Communication can be hard. Understanding and loving each other can also be hard. Jesus didn’t buy peace with compromise, but He also knew His disciples were befuddled, wrestling, and had their own insecurities and growth to overcome.

So He patiently let them wrestle – you think He didn’t already know what they were talking about along the way about who was the greatest? – and then He brought some gentle correction and perspective.

And he sat down and called the twelve. And he said to them, “If anyone would be first, he must be last of all and servant of all.” And he took a child and put him in the midst of them, and taking him in his arms, he said to them, “Whoever receives one such child in my name receives me, and whoever receives me, receives not me but him who sent me.”

– Mark 9:35-37

The thing about little kids is that they love to learn. They don’t pretend to have all the answers. They love risk and wonder. They’re not afraid to ask questions and they’re not driven by pride or insecurity. And generally, if they’re with someone they trust, healthy kids are excited about the unfamiliar instead of afraid of it.

But when we see people doing something unfamiliar or unexpected, we tend to create circles of belonging and exclusion, like the disciples did in the very next verse:

John said to him, “Teacher, we saw someone casting out demons in your name, and we tried to stop him, because he was not following us.”

– Mark 9:38

Jesus responds to their tattling with perspective and wisdom in His correction, because He knows they are still sounding this out, too. He doesn’t want them — or us — to just memorize; He wants us to broaden our perspectives and consider new things. He wants us to think, and solve, and resolve.

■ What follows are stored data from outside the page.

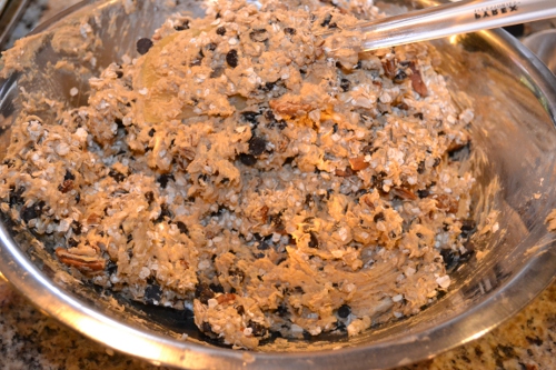 It’s a good idea when making stuff for a sale, especially if you’re not going to be there to explain the ingredients, to tag the items that have nuts or other potential allergens. So I got some gift tags with holes in them so I could make tags explaining all the goodness inside (pecans, peanut butter, chocolate chips and oats) and warn anyone who’s sensitive to any of that away from them.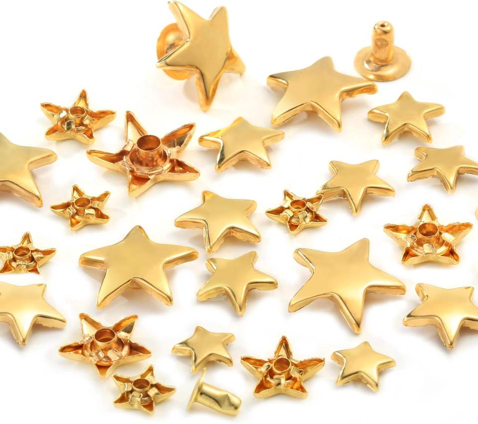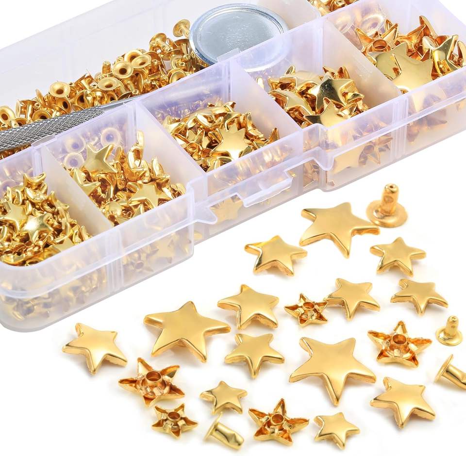 YORANYO Set Mixed Size Leather Rivets Kit For Star Studs Clothing Fabric Gold Color Crafting Repair Decorate Jackets Shoes Bags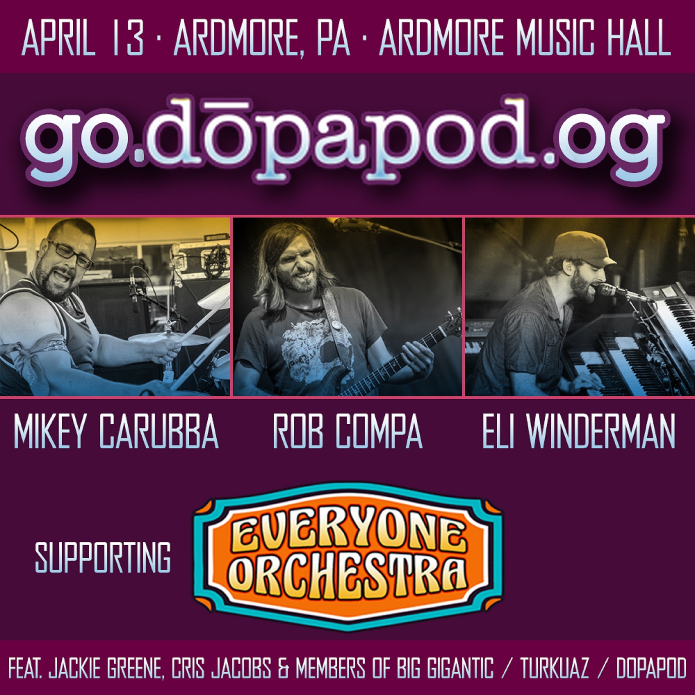 The Ardmore Music Hall welcomes back Matt Butler’s Everyone Orchestra for a night of exciting improvisation from some of the top names in live music plus a special opening set from Go Dopapod OG on Friday, April 13. Everyone Orchestra will feature guitarists Jackie Greene and Cris Jacobs, drummer Jeremy Salken of Big Gigantic, bassist… Continue reading Everyone Orchestra + Dopapod Trio @ Ardmore Music Hall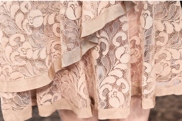 切り替え位置の高めのウエストで脚長効果、スタイルアップできるレースドレスです。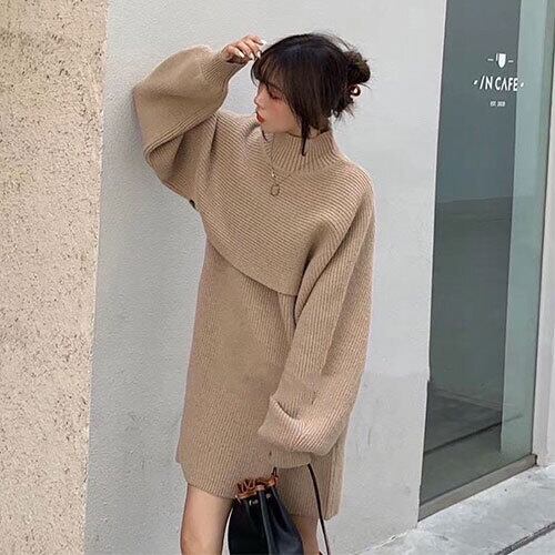 セットアップ 韓国風 20代 30代 40代 秋 韓国ファッション ニット セットアップ パフスリーブ セーター+ワンピース RB-R3-11-BA14-SA-0001

But Jesus said, “Do not stop him, for no one who does a mighty work in my name will be able soon afterward to speak evil of me. For the one who is not against us is for us. For truly, I say to you, whoever gives you a cup of water to drink because you belong to Christ will by no means lose his reward.”

– Mark 9:39-41

We often misunderstand things that are perfectly clear when they’re not what we expected or predicted. But the Holy Spirit is teaching us, making us like Him, and He doesn’t want us to just memorize principles, because memorizing answers isn’t the same as solving problems. He wants us to walk in a manner worthy of our calling:

With all humility and gentleness. With patience. Bearing with one another in love, eager to maintain the unity of the Spirit in the bond of peace.

(Even if we don’t know an A from an Ayus.)

To do that, we need to consider the unfamiliar, and do hard things. We need to grow deep and wide. We need to snuff out comparison with humility. We need to try our patience, stretching it farther than we thought it could go. And when we do, grace will press out our insecurities and pride and unnecessary conflicts, as light presses out darkness.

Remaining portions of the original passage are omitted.